Error while fetching `HF_TOKEN` secret value from your vault: 'Requesting secret HF_TOKEN timed out. Secrets can only be fetched when running from the Colab UI.'.
You are not authenticated with the Hugging Face Hub in this notebook.
If the error persists, please let us know by opening an issue on GitHub (https://github.com/huggingface/huggingface_hub/issues/new).


README.md:   0%|          | 0.00/4.65k [00:00<?, ?B/s]

train.csv:   0%|          | 0.00/11.3M [00:00<?, ?B/s]

validation.csv:   0%|          | 0.00/442k [00:00<?, ?B/s]

test.csv:   0%|          | 0.00/1.35M [00:00<?, ?B/s]

Generating train split:   0%|          | 0/12460 [00:00<?, ? examples/s]

Generating validation split:   0%|          | 0/500 [00:00<?, ? examples/s]
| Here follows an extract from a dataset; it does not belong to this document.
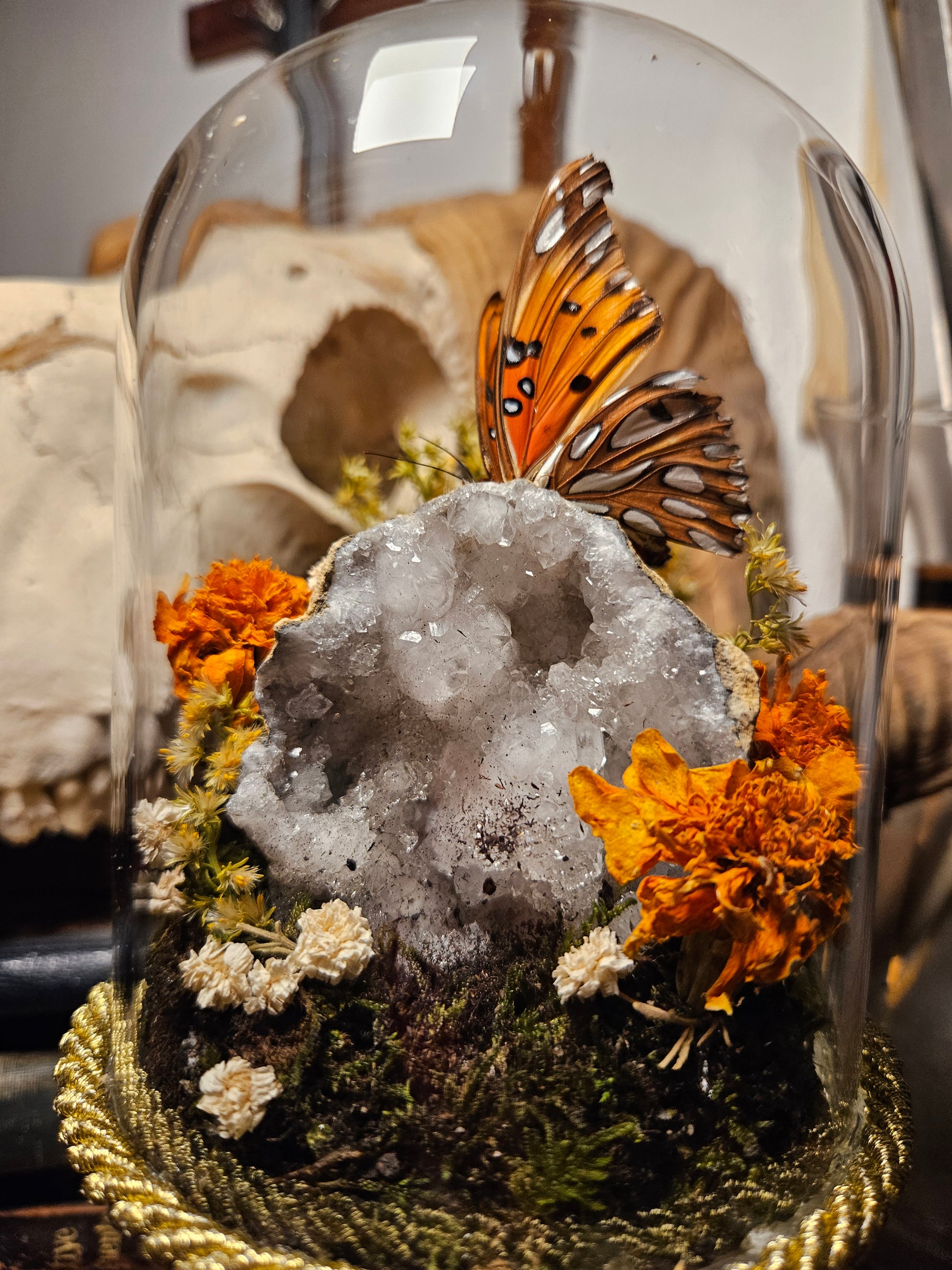 A beautiful natural death gulf fritillary butterfly shown on a geode surrounded orange florals on a vintage brass stand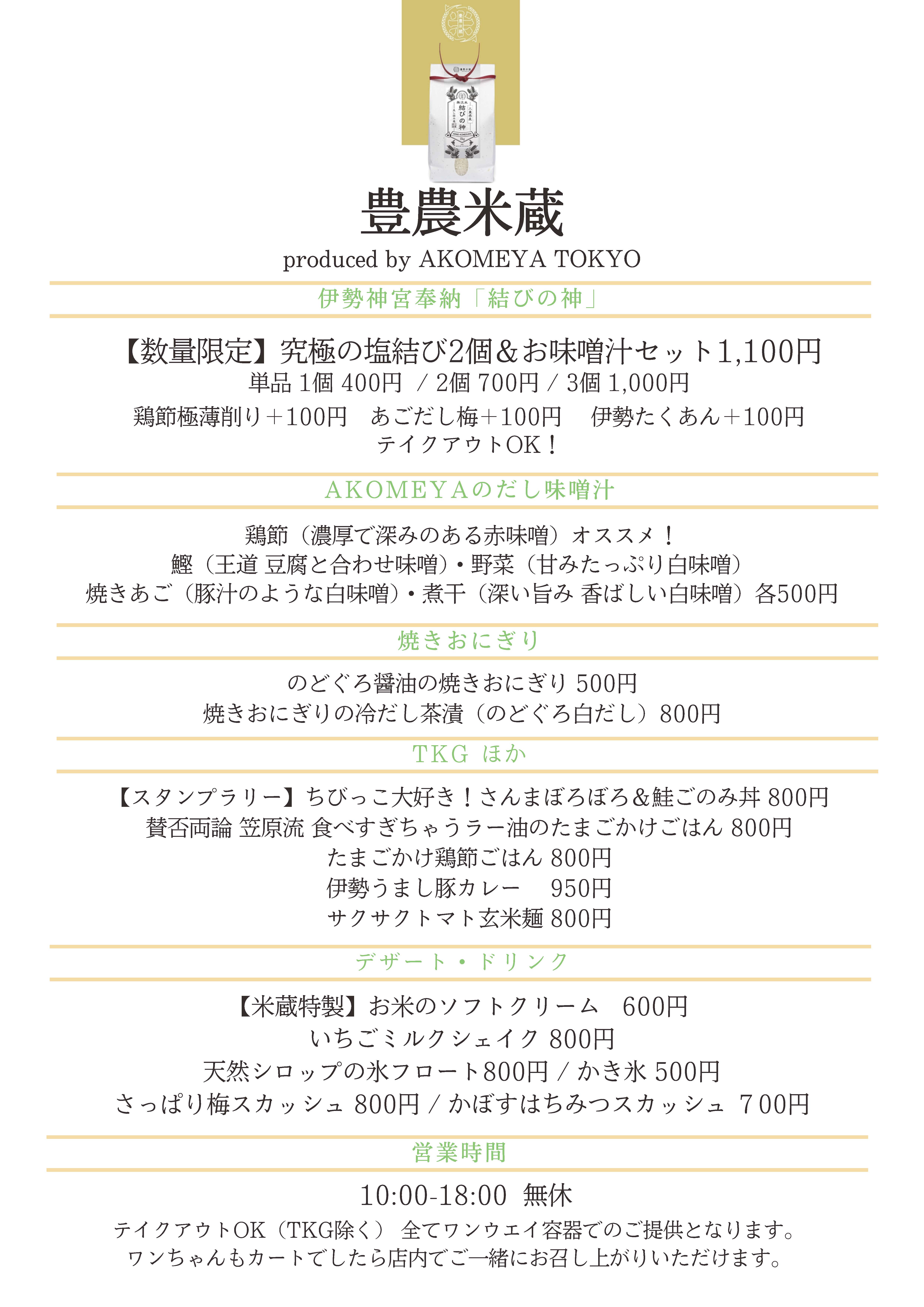 AKOMEYA TOKYO がプロデュースする「豊農米蔵」は、伊勢神宮奉納米「結びの神」をはじめ、選りすぐりのごはんのお供や雑貨を取り揃えたセレクトショップです。

Generating test split:   0%|          | 0/1500 [00:00<?, ? examples/s]

In [4]:
ds

DatasetDict({
    train: Dataset({
        features: ['id', 'dialogue', 'summary', 'topic'],
        num_rows: 12460
    })
    validation: Dataset({
        features: ['id', 'dialogue', 'summary', 'topic'],
        num_rows: 500
    })
    test: Dataset({
        features: ['id', 'dialogue', 'summary', 'topic'],
        num_rows: 1500
    })
})

In [6]:
ds['train'][1]['dialogue']

"#Person1#: Hello Mrs. Parker, how have you been?\n#Person2#: Hello Dr. Peters. Just fine thank you. Ricky and I are here for his vaccines.\n#Person1#: Very well. Let's see, according to his vaccination record, Ricky has received his Polio, Tetanus and Hepatitis B shots. He is 14 months old, so he is due for Hepatitis A, Chickenpox and Measles shots.\n#Person2#: What about Rubella and Mumps?\n#Person1#: Well, I can only give him these for now, and after a couple of weeks I can administer the rest.\n#Person2#: OK, great. Doctor, I think I also may need a Tetanus booster. Last time I got it was maybe fifteen years ago!\n#Person1#: We will check our records and I'll have the nurse administer and the booster as well. Now, please hold Ricky's arm tight, this may sting a little."

In [7]:
ds['train'][1]['summary']

'Mrs Parker takes Ricky for his vaccines. Dr. Peters checks the record and then gives Ricky a vaccine.'

## 1. USING THE MODEL WITHOUT FINE TUNING

#### LOADING THE BART MODEL

In [8]:
!pip install transformers



In [9]:
# Use a pipeline as a high-level helper
from transformers import pipeline

pipe = pipeline("summarization", model="facebook/bart-large-cnn")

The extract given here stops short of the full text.